Spacetime clock could outlast the universe as we know it

A ‘spacetime crystal’ sounds like something Doctor Who might keep in his kit-bag – but it’s actually much more dramatic than that: a clock that could keep perfect time forever, even after the heat-death of the universe.

It’s a four-dimensional crystal that has periodic structure in time as well as space, and scientists at Berkeley Lab say they’ve come up with an experimental design for one.

With such a crystal, scientists would be able to study how complex physical properties and behaviors emerge from the collective interactions of large numbers of individual particles, the so-called many-body problem of physics.

It could also be used to study phenomena in the quantum world such as entanglement, in which an action on one particle impacts another particle even if the two are separated by vast distances.

The Berkeley Lab design is based on an electric-field ion trap and the Coulomb repulsion of particles that carry the same electrical charge.

“The electric field of the ion trap holds charged particles in place and Coulomb repulsion causes them to spontaneously form a spatial ring crystal,” says Xiang Zhang, a faculty scientist with Berkeley Lab’s Materials Sciences Division.

“Under the application of a weak static magnetic field, this ring-shaped ion crystal will begin a rotation that will never stop. The persistent rotation of trapped ions produces temporal order, leading to the formation of a space-time crystal at the lowest quantum energy state.”

Because the space-time crystal is already at its lowest quantum energy state, its temporal order, or timekeeping, will theoretically persist even after the rest of our universe reaches thermodynamic equilibrium or ‘heat-death’.

Earlier this year, Frank Wilczek, the Nobel-prize winning MIT physicist, mathematically proved that a time crystal can exist. It’s only now, though, that Zhang and his group have come up with an experimental design.

Crystallization takes place when heat is removed from a molecular system until it reaches its lower energy state. At a certain point, continuous spatial symmetry breaks down and the crystal assumes discrete symmetry, meaning that instead of the structure being the same in all directions, it’s the same in only a few.

And just as a 3D crystal is configured at the lowest quantum energy state when continuous spatial symmetry is broken into discrete symmetry, so too should symmetry-breaking configure the spacetime crystal’s temporal component.
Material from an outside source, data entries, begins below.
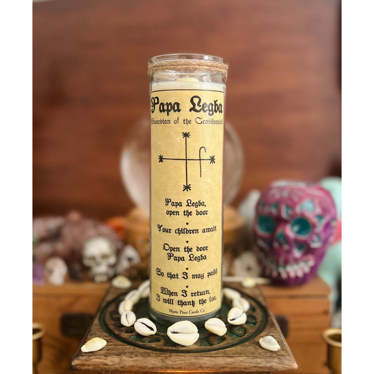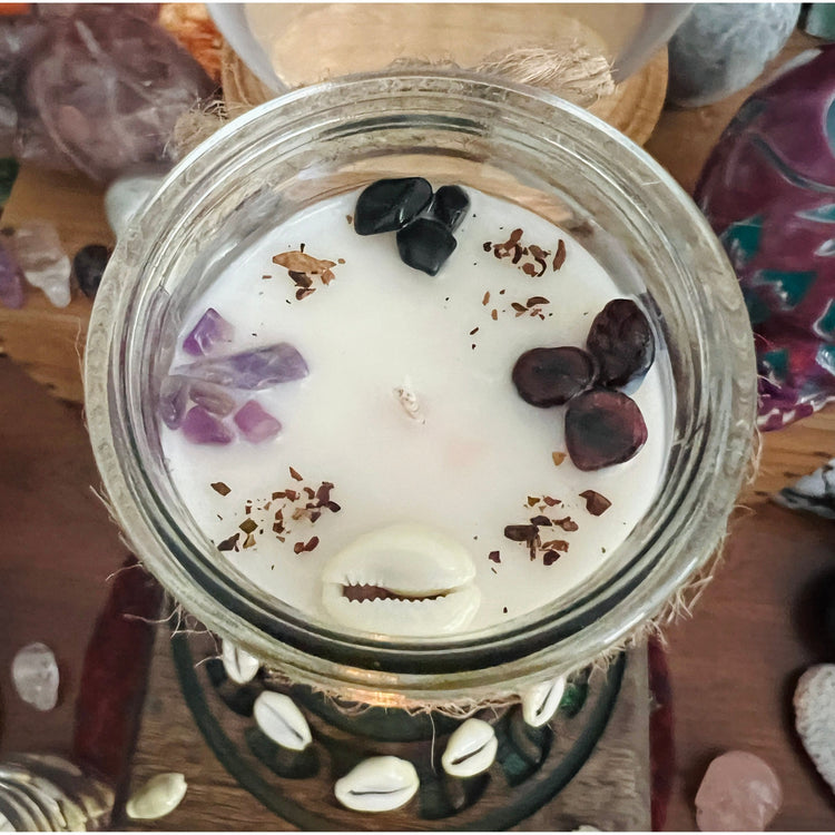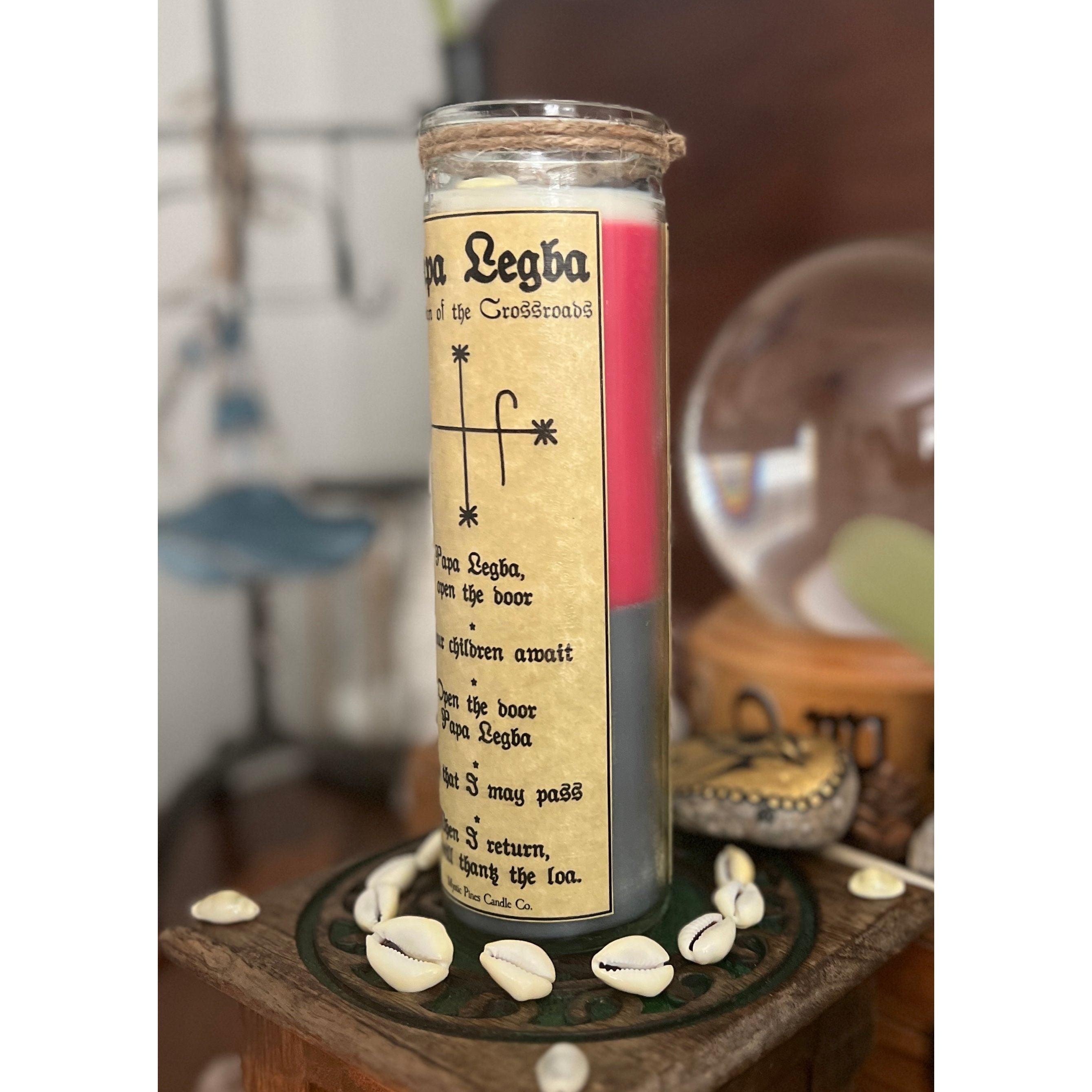 We wanted to celebrate Papa Legba by creating a red, black and white layered soy candle, scented with Rum, Tobacco, Vanilla, and Sugar, then crowned with Amethyst, Black Onyx, Garnet, dried tobacco, 3 pennies and a Cowrie Shell.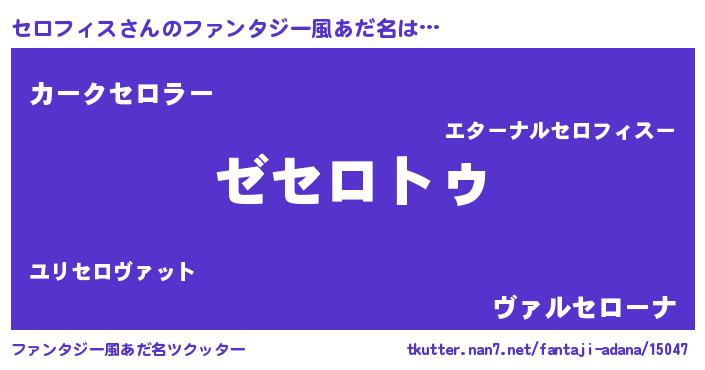 | 男性向けラノベタイトル風あだ名 | 『Re:セロフィスから始める異世界生活』 |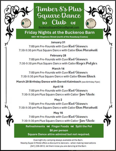 The Hayshakers square dance with Mark Wheeler calling every Sunday at 5 o’clock in the Pacific Grange on Hwy 101 halfway between Seaside and Astoria. It’s easy dancing which everyone can enjoy.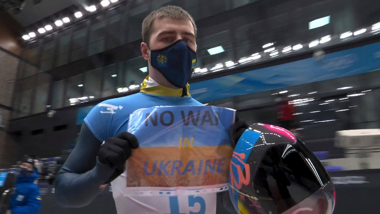 A Ukrainian skeleton athlete flashed a small sign that read "No War in Ukraine" to the cameras as he finished a run at the Beijing Olympics on Friday night.
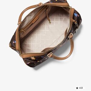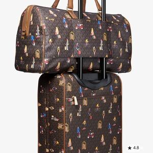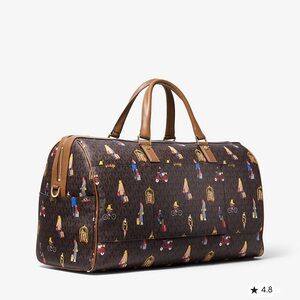 Michael Kors printed canvas duffel. Tan leather trim and handles. Adjustable shoulder strap for easy carry. Repeating playful travel-themed print.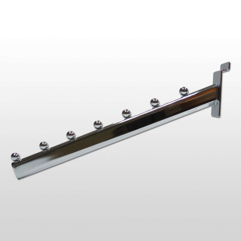 Gancho para tablero grueso inclinado con 7 bolas y 35 cm de longitud. Hierro cromado.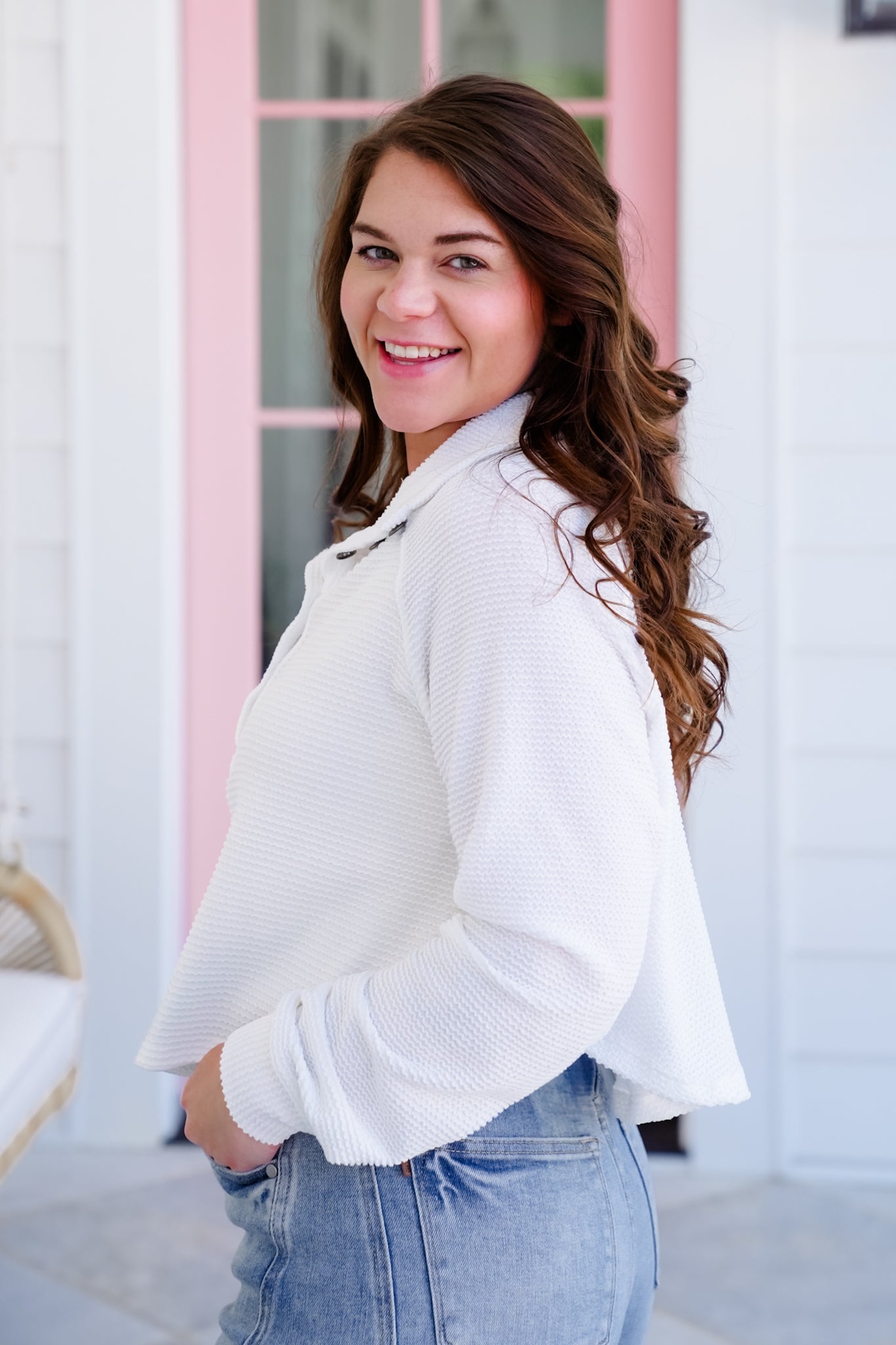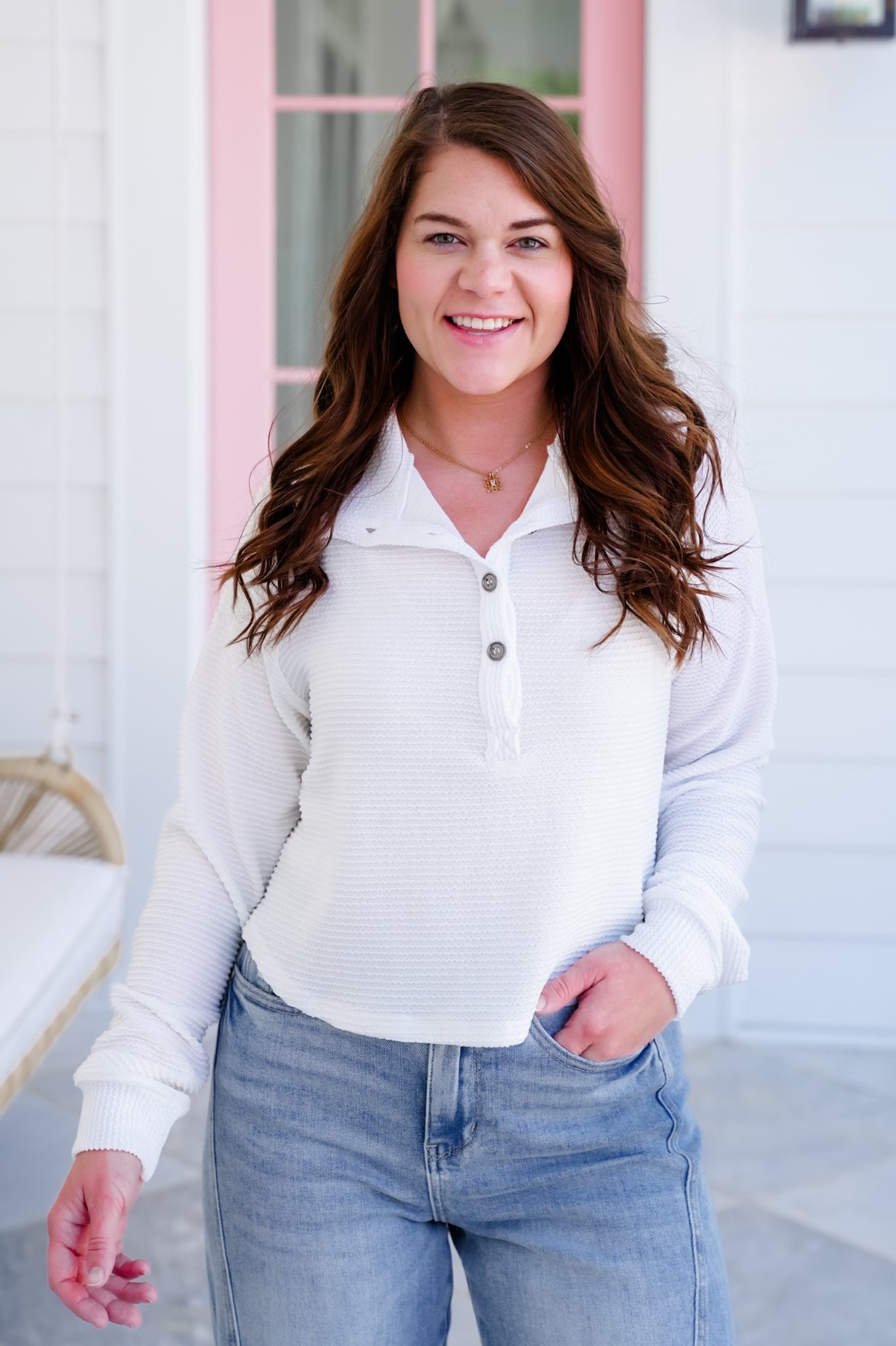 This ivory button-up brings an elevated twist to loungewear with its soft texture and effortless drape. Those oversized buttons and cozy fit make it cute enough for coffee runs and comfy enough for couch days. Pair it with denim shorts, joggers, or the matching bottoms for an easy weekend uniform.

A spatial ring of trapped ions in persistent rotation would periodically reproduce itself in time, forming a temporal analog of an ordinary spatial crystal.

“While a space-time crystal looks like a perpetual motion machine and may seem implausible at first glance, keep in mind that a superconductor or even a normal metal ring can support persistent electron currents in its quantum ground state under the right conditions,” says Li.

It could help answer questions, such as how a space-time crystal emerges, how time translation symmetry breaks, and what are the quasi-particles in space-time crystals. It might also be used to store and transfer quantum information across different rotational states in both space and time.

“As there has never been a space-time crystal before, most of its properties will be unknown and we will have to study them,” says Xiang Zhang. “Such studies should deepen our understandings of phase transitions and symmetry-breaking.”